To gain some insight into the mechanism of γc-mediated up-regulation of mFL and sFL, we analyzed FL mRNA levels by RNase A/T₁protection (Figure 3). Analysis of RNA isolated from purified resting T cells revealed the presence of 2 protected fragments of the expected sizes of 357 and 517 nt, representing 2 FL mRNA species consitutively expressed in T cells.28 Stimulation of cells with IL-2 or IL-7 resulted in a 4- and 6-fold increase in the mRNA level, respectively. Whether this effect is the result of increased FL gene transcription or enhanced mRNA stability is a subject for further investigation. However, it should be noted that FL mRNA is highly stable and an increase in FL mRNA levels seen in patients during aplasia is not due to increased stability.24 

Taken together, these results indicate that triggering of the γc receptor results in up-regulation of FL mRNA, possibly due to transcriptional up-regulation, and also leads to enhanced cell surface expression and release of FL protein by activated cells.

To examine the possible involvement of TCR signaling in FL expression, we incubated T cells for 72 hours with the plate-immobilized anti-CD3 mAb in the presence of mAb against the costimulatory receptor, CD28. RNase protection analysis revealed that activation of T cells by CD3 and CD28 ligation lowers the expression of FL mRNA by about 10-fold (Figure 3).

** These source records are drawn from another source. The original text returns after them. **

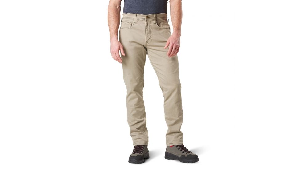 5.11 brings you the comfort and styling of your favorite everyday pant with tactical functionality and stretch built right in. The Defender-Flex pant has been developed for 5.11 end users who are looking for low-vis tactical without sacrificing performance at the firing range or comfort for everyday wear. Crafted with a Cavalry Twill cotton/polyester blend, with just enough elastane for stretch, these pants are made to keep their shape with style. The five-pocket styling and soft fade finish look sharp, and the back mag pockets mean you will always be ready. Comfortable, slim, and tactical pant Five pocket styling plus two rear hip pockets Soft fade finish and enzyme washed fabric Fitted waistband Button top fly with locking YKK zipper 8.8 oz. stretch Cavalry twill (66% cotton / 31% poly / 3% elastane) Dual back patch pockets GSA/TAA compliant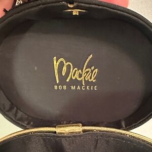 Elevate your evening look with this stunning "Wearable Art" piece from legendary designer Bob Mackie. This rare mini bag features a sleek matte black body contrasted by brilliant metallic gold panels and the iconic Bob Mackie signature star logo clasp.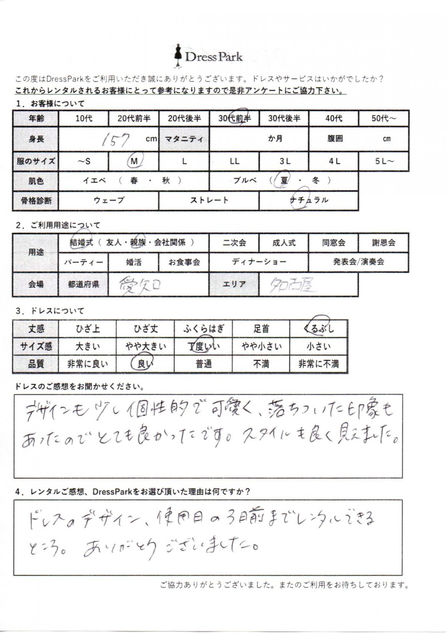 愛知県 S.T様157㎝ Mサイズ名古屋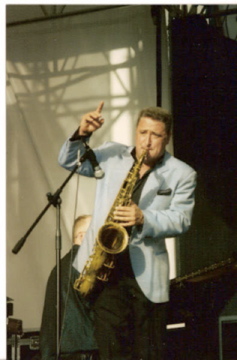 Pete Cook saxman and author of Road Rat Tips in dark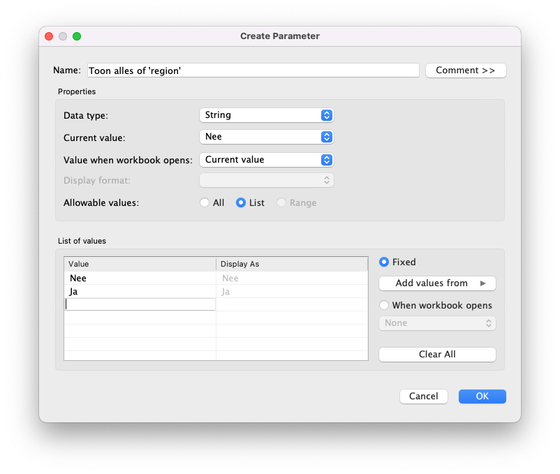 Maak een parameter aan met de naam ‘Toon alles of ‘region’ ‘ en vul hem in als onderstaand: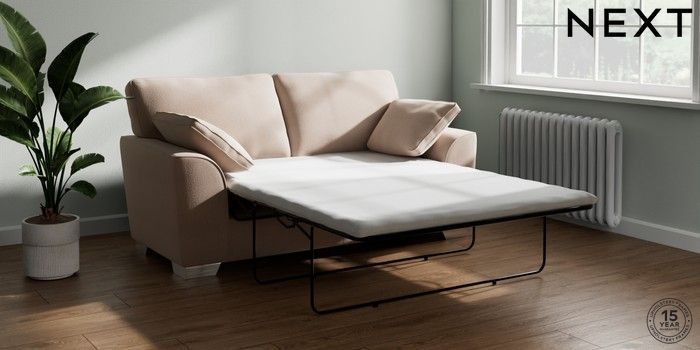 7.2.10 Stamford Sofa Bed Relaxed Linen Look Mid Natural Large Square Angle - Chrome Metal | Made Click here to use our website with more accessibility support, for example screen readers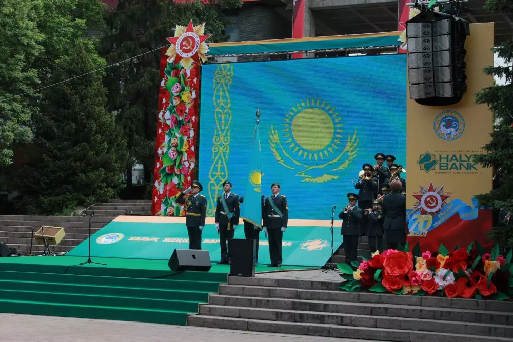 После торжественной речи на большом экране прошла видеотрансляция военного парада в Астане, посвященного 70-летию Победы в Великой Отечественной войне. В ходе мероприятия также была организована демонстрация боевой техники, военного обмундирования и вооружения. К мемориалу Вечного огоня состоялось торжественное возложение цветов.
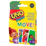 UNO Junior Move je dinamična verzija omiljene igre UNO osmišljena za najmlađe igrače. Spaja pokret, smijeh i brzu kartašku zabavu – pri izlaganju karata djeca izvršavaju smiješne zadatke poput čučnjeva, skokova ili pljeskanja. Jednostavna pravila, šarene karte i akcijski elementi potiču koncentraciju, koordinaciju i zajedničku obiteljsku zabavu.

This finding is consistent with the observation that treatment with concavalin A strongly decreases FL mRNA expression in a murine T-cell line.15 Next, we examined FL protein expression in CD3/CD28-stimulated cells (Table1). Levels of mFL were below those seen for control cells cultured without stimulation (MFI, 1.6 ± 0.1 versus 2.5 ± 0.1), whereas sFL levels were increased from 24.2 ± 2.2 to 62.8 ± 2.5 pg/mL. A similar increase in sFL, but not mFL, was found when CD3/CD28 stimulation was performed in the presence of IL-7. This is in sharp contrast to a significant increase in both FL forms in response to IL-7 alone. We have verified that the effect brought about by receptor stimulation was not due to changes in the proportion of FL-specific transcripts: Using PCR primers that allow a distinction to be made between alternative transcripts encoding mFL and sFL,15,28 we found no increase in sFL transcripts in cells activated by CD3 and CD28 ligation compared to IL-7 treatment (results not shown).

We investigated the possibility that activation of T cells through CD3 and CD28 receptors enhances the proteolytic cleavage of mFL at the cell surface and thus augments the release of sFL into culture supernatants. We used PMA, an inducer of proteinases involved in cleavage of membrane-associated cytokines.30 PMA treatment of T cells for 3 hours perfectly mimicked the effect of CD3/CD28 stimulation (Table 1 and Figure 4). Moreover, like CD3 and CD28 ligation, PMA decreased the IL-7–induced mFL levels from MFI of 7.7 ± 0.4 to 1.6 ± 0.1, whereas sFL increased to as much as 146.2 ± 11 pg/mL. The effect of PMA was prevented by addition of the metalloproteinase inhibitor BB3103 (Figure 4), suggesting that metalloproteinase(s) play a role in proteolytic processing of mFL.

These results indicate that TCR-dependent T-cell activation has a dual effect on FL expression, by decreasing the level of FL mRNA and enhancing the proteolytic cleavage of mFL.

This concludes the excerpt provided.